CA, EXPORT AND INDUSTRY BANK


ET.AL

II. FULL TITLE: Pacific Rehouse Corporation versus Court of Appeals and Export and
Industry Bank, Inc. – G.R. No. 199687
March 24, 2014, J.Reyes

III. TOPIC: Piercing the Veil of Corporate Fiction/ Alter Ego Doctrine

IV. STATEMENT OF FACTS:


A complaint was instituted with the Makati City Regional Trial Court (RTC) against EIB Securities
Inc. (E–Securities) for unauthorized sale of 32,180,000 DMCI shares of Pacific Rehouse
Corporation, Pacific Concorde Corporation, Mizpah Holdings, Inc., Forum Holdings Corporation,
and East Asia Oil Company, Inc. RTC rendered judgment on the pleadings, directing the E–
Securities to return to the petitioners 32,180,000 DMCI shares, as of judicial demand. On the other
hand, petitioners are directed to reimburse the defendant the amount of [P]10,942,200.00,
representing the buyback price of the 60,790,000 KPP shares of stocks at [P]0.18 per share. The
Resolution was ultimately affirmed by the Supreme Court and attained finality. However, the Writ
of Execution was returned unsatisfied.

V. STATEMENT OF THE CASE:


Pacific Rehouse moved for the issuance of an alias writ of execution to hold Export and Industry
Bank, Inc. (Export Bank) liable for the judgment obligation as E–Securities is “a wholly–owned
controlled and dominated subsidiary of Export and Industry Bank, Inc., and is a mere alter ego and
business conduit of the latter. E–Securities opposed the motion, arguing that it has a corporate
personality that is separate and distinct from the respondent.
The RTC concluded that E–Securities is a mere business conduit or alter ego of Export Bank, the
dominant parent corporation, which justifies piercing of the veil of corporate fiction, and issued an
alias writ of summons directing defendant EIB Securities, Inc., and/or Export and Industry Bank,
Inc., to fully comply therewith. It ratiocinated that being one and the same entity in the eyes of the
law, the service of summons upon E–Securities has bestowed jurisdiction over both the parent and
wholly–owned subsidiary.
Export Bank filed before the Court of Appeals (CA) a petition for certiorari with prayer for the
issuance of a temporary restraining order (TRO) seeking the nullification of the RTC Order for
having been made with grave abuse of discretion amounting to lack or excess jurisdiction.

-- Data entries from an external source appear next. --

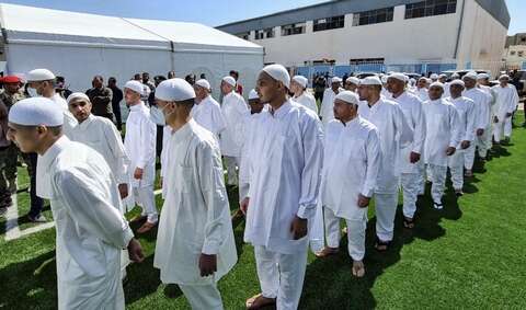 وظهر العشرات من العناصر المفرج عنهم بلباس أبيض داخل ملعب صغير لكرة القدم ملاصق لأحد المقرات الأمنية في مدينة الزاوية الساحلية، وكانوا محاطين برجال أمن مسلحين.
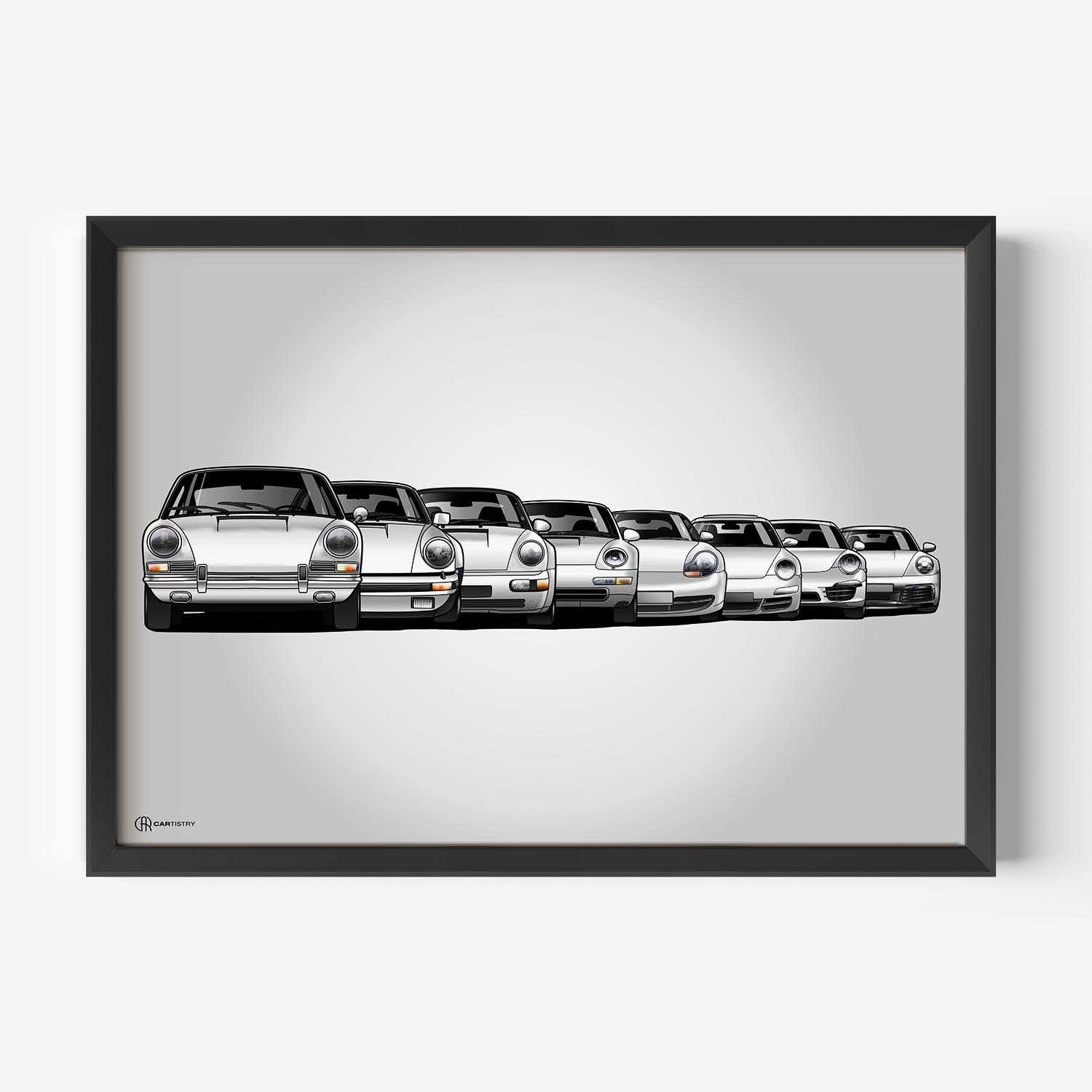 CARTISTRY Premium Poster in verschiedenen Größen (70x50cm und 40x30cm). Hergestellt in Deutschland auf hochwertigem 250g Premium-Papier. Dieses Poster zeigt alle aktuellen Modelle der Porsche 911 Generationen (930, ...
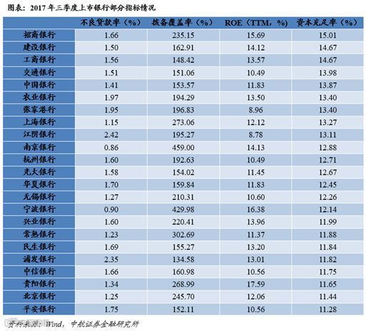 基于此,我们看好以下标的:(1)资产质量较好,拨备计提充裕的高成长性银行:宁波银行(2017Q3不良贷款率0.90%、拨备覆盖429.98%ROE16.38%)、南京银行(2017Q3不良贷款率0.86%、拨备覆盖率459.00%、ROE14.13%);(2)风险管理能力较强、资本充足率较高的国有银行:工商银行(2017Q3资本充足率14.67%)、建设银行(2017Q3资本充足率14.67%)。
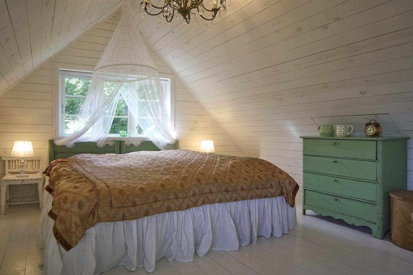 All together there are 3 bedrooms. The beds are divided on: 6 sleeping places in double beds. 2 sleeping places on mattresses. 2 of these sleeping accommmodations are located on the bed-loft of the house.
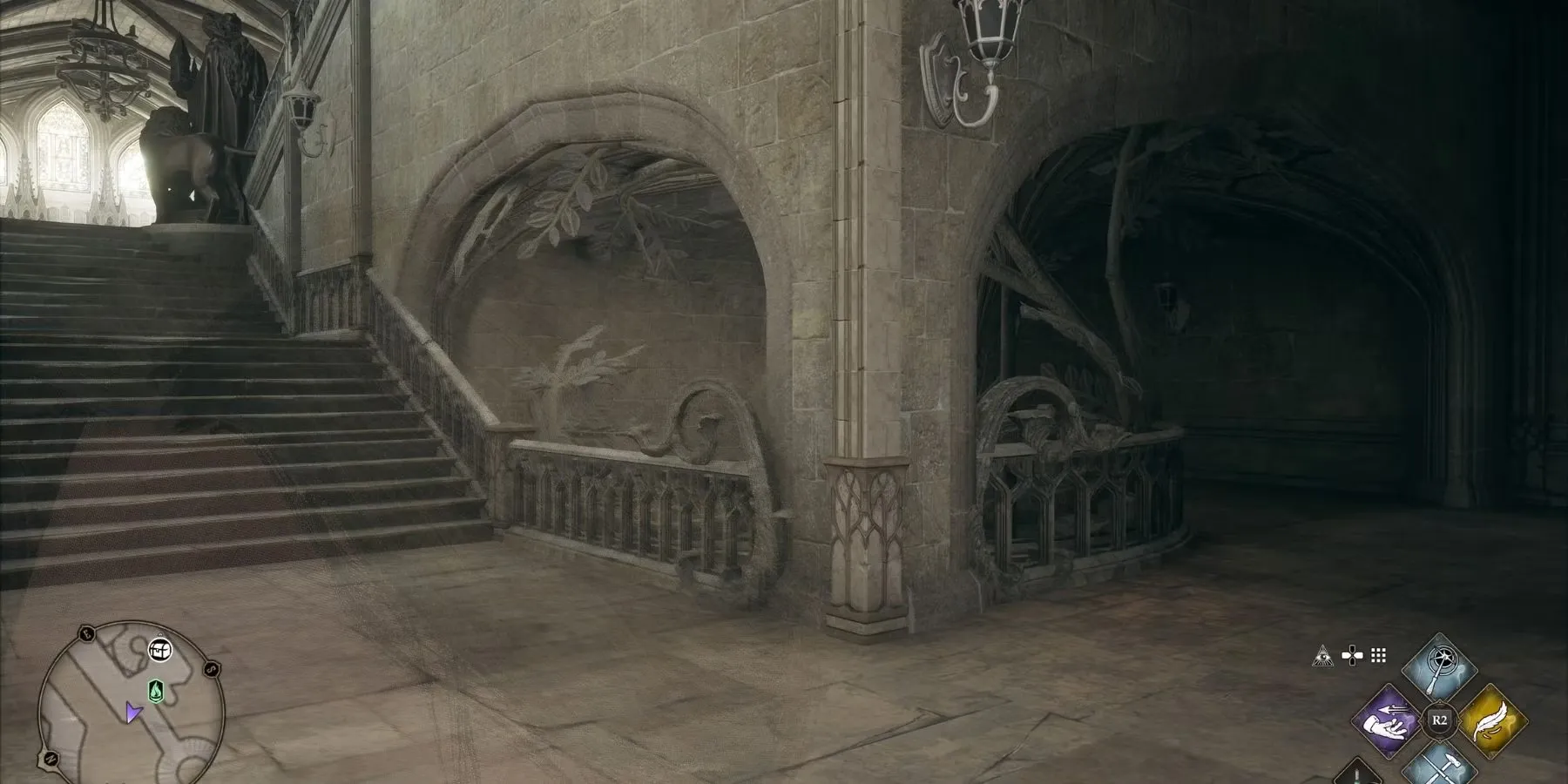 Посмотрев в сторону парадной лестницы, игроки должны заметить слева арку с растением, свисающим с потолка. В этом направлении находится общая комната Хаффлпаффа. Игроки должны направиться к парадной лестнице, но зайти за угол и спуститься по винтовой лестнице с обвивающими ее ветвями деревьев.
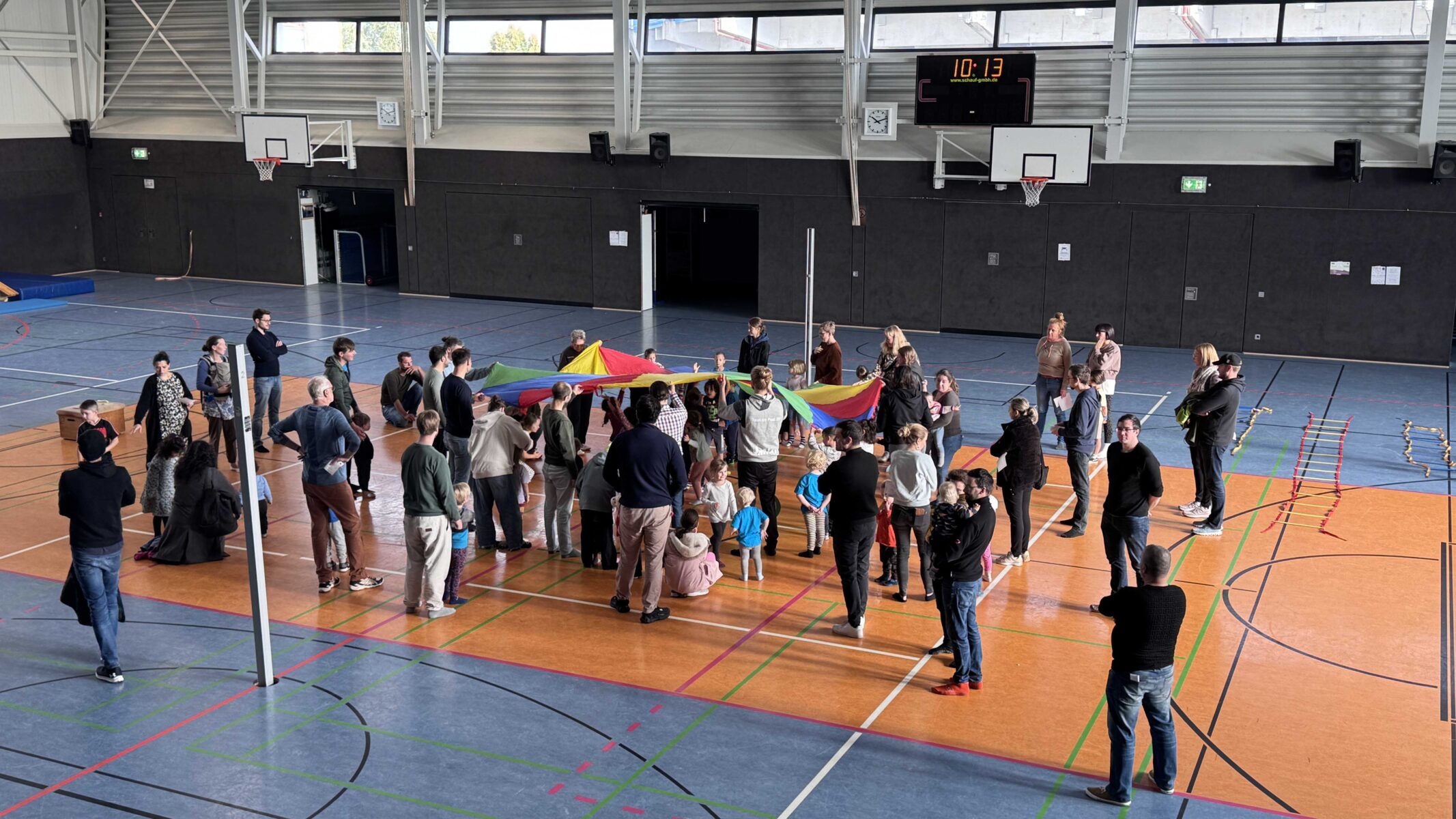 Ca. 60 Mädchen und Jungen im Alter von 3-6 Jahre sind mit ihren Eltern in die Almhalle geströmt und konnten sich dort bei gemeinsamen Aktivitäten, wie z. B. einem Schwungtuch und an 10 kleinen Stationen austoben.
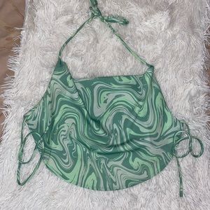 Cruz Satin-Finish Crop Top purchased from Adika, worn one time, sold out and not restocking! Super trendy green swirl print, got so many compliments on it. Size small!
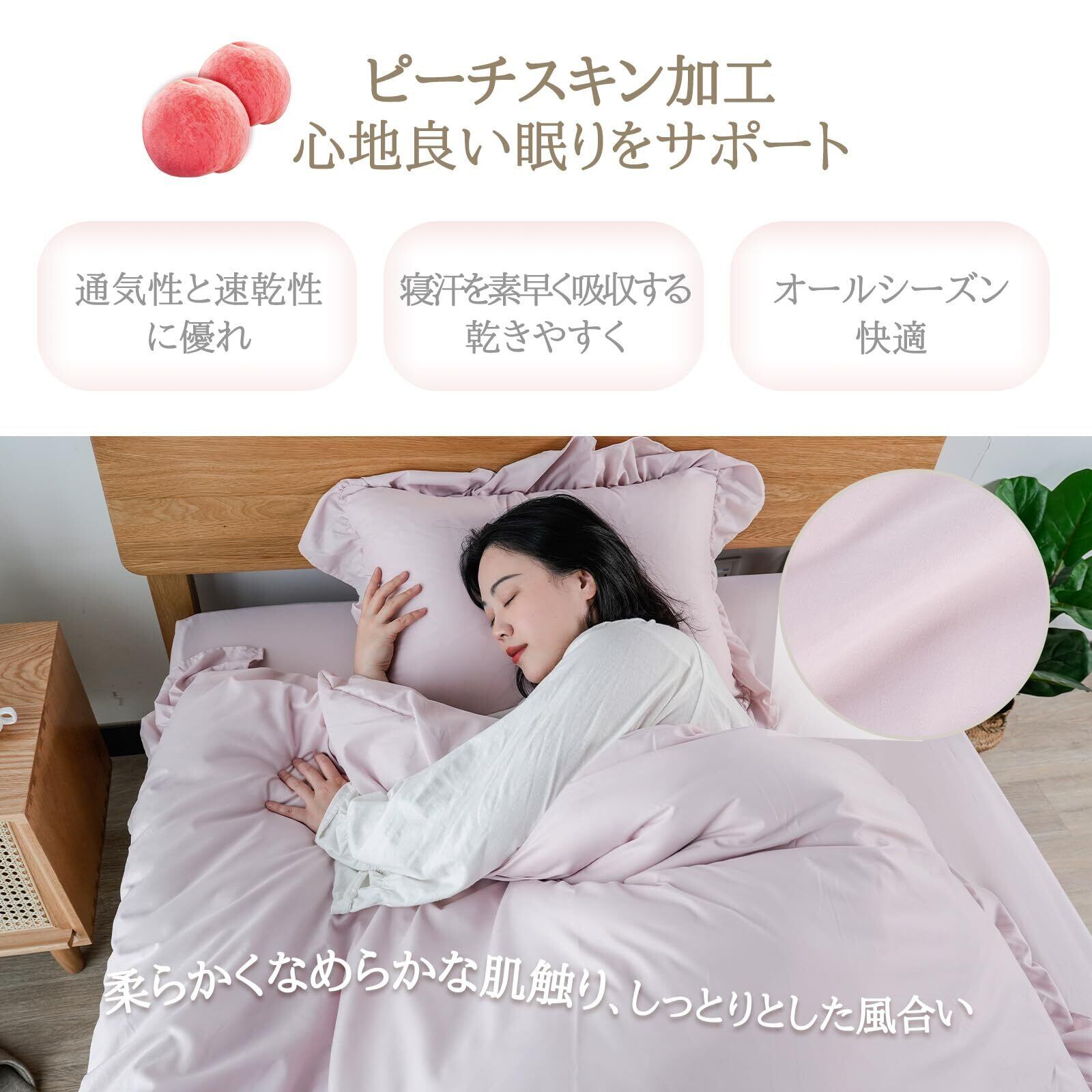 TOMODA LIFE 布団カバー ダブル 4点セット 可愛い フリル付き 枕カバー 掛け布団カバー おしゃれ 姫系 全開ファスナー スナップボタン のびのびボックスシーツ ベッドカバー 敷き布団カバー ピローケース ピーチスキン加工 全周ゴム 寝具カバーセット マットレス・敷布団兼用 北欧 オールシーズン 丸洗いOK ふわもち 無地 ズレ防止 ベットカバー パウダーピンク
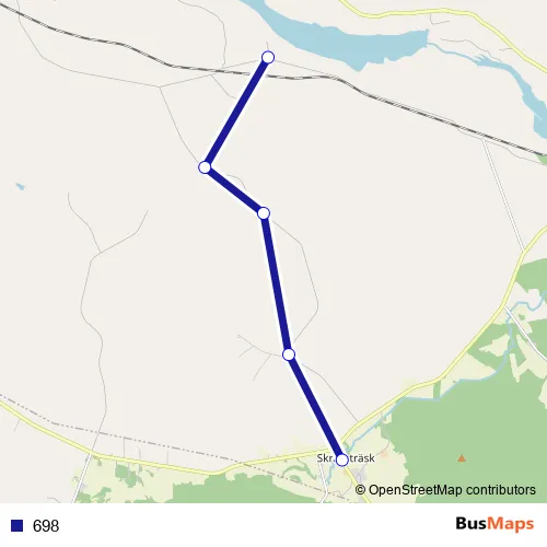 The first stop of the 698 bus route is Skråmträsk vägskäl and the last stop is Gråberg. 698 is operational during everyday.
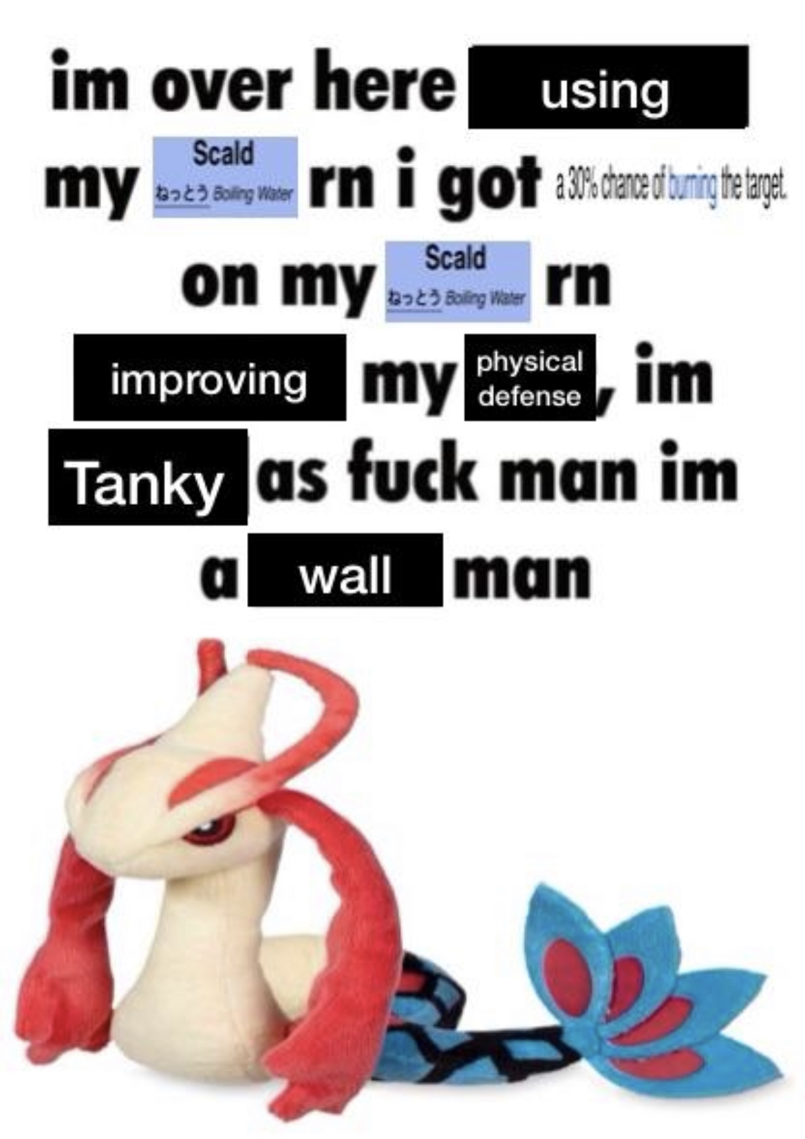 **Water-resistant Pokemon**: Specially offensive Dragon-types like Hisuian Goodra and Noivern don't mind being burned by Scald and can wear Milotic down over the course of a battle, though the latter doesn't like taking Dragon Tail. Wo-Chien takes practically nothing from Milotic's attacks while draining it with Leech Seed and Ruination; however, it dislikes being burned by Scald.
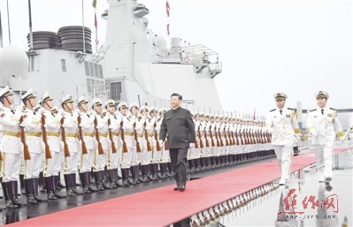 4月23日,在中国人民解放军海军70华诞之际,中共中央总书记、国家主席、中央军委主席习近平出席在青岛举行的庆祝人民海军成立70周年海上阅兵活动。图为习近平检阅海军仪仗队。
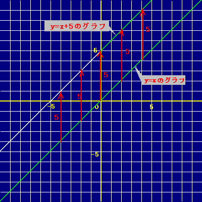 このようなグラフは「1次関数のグラフ」と呼ばれ,右図のように y=x のグラフを上に5だけ平行移動したものです。
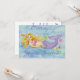 Bonito sereia, cercada por conchas, estrelas-do-mar e águas-vivas, convida convidados para a festa de aniversário de uma garota.

The CA
reversed the RTC Order and explained that the alter ego theory cannot be sustained because
ownership of a subsidiary by the parent company is not enough justification to pierce the veil of
corporate fiction. There must be proof, apart from mere ownership, that Export Bank exploited or
misused the corporate fiction of E–Securities. The existence of interlocking incorporators, directors
and officers between the two corporations is not a conclusive indication that they are one and the
same. The records also do not show that Export Bank has complete control over the business
policies, affairs and/or transactions of E–Securities. It was solely E–Securities that contracted the
obligation in furtherance of its legitimate corporate purpose; thus, any fall out must be confined
within its limited liability.
VI. ISSUE:
WON E-Securities is a mere alter ego Export Bank

VII. RULING:
NO. An alter ego exists where one corporation is so organized and controlled and its affairs are
conducted so that it is, in fact, a mere instrumentality or adjunct of the other. The control necessary
to invoke the alter ego doctrine is not majority or even complete stock control but such domination
of finances, policies and practices that the controlled corporation has, so to speak, no separate mind,
will or existence of its own, and is but a conduit for its principal.
The Court has laid down a three–pronged control test to establish when the alter ego doctrine should
be operative:
1. Control, not mere majority or complete stock control, but complete domination, not only of
finances but of policy and business practice in respect to the transaction attacked so that the
corporate entity as to this transaction had at the time no separate mind, will or existence of
its own;
2. Such control must have been used by the defendant to commit fraud or wrong, to perpetuate
the violation of a statutory or other positive legal duty, or dishonest and unjust act in
contravention of plaintiff’s legal right; and
3. The aforesaid control and breach of duty must [have] proximately caused the injury or unjust
loss complained of.
The absence of any one of these elements prevents ‘piercing the corporate veil’ in applying the
‘instrumentality’ or ‘alter ego’ doctrine, what is important to know is the reality and not form, with
how the corporation operated and the other corporation’s relationship to that operation. Hence, all
three elements should concur for the alter ego doctrine to be applicable.
In this case, the alleged control exercised by Export Bank upon its subsidiary E–Securities, by itself,
does not mean that the controlled corporation is a mere instrumentality or a business conduit of the
mother company. Even control over the financial and operational concerns of a subsidiary company
does not by itself call for disregarding its corporate fiction. There must be a perpetuation of fraud
behind the control or at least a fraudulent or illegal purpose behind the control in order to justify
piercing the veil of corporate fiction. Such fraudulent intent is lacking in this case. Furthermore,
ownership by Export Bank of a great majority or all of stocks of E-Securities and the existence of
interlocking directorates may serve as badges of control, but ownership of another corporation, per
se, without proof of actuality of the other conditions are insufficient to establish an alter ego
relationship or connection between the two corporations, which will justify the setting aside of the
veil of corporate fiction.

VIII. DISPOSITIVE PORTION:


WHEREFORE, the petition in G.R. No. 199687 is hereby DISMISSED for having been rendered
moot and academic. The petition in G.R. No. 201537, meanwhile, is hereby DENIED for lack of
merit. Consequently, the Decision dated April 26, 2012 of the Court of Appeals in CA-G.R. SP No.
120979 is AFFIRMED.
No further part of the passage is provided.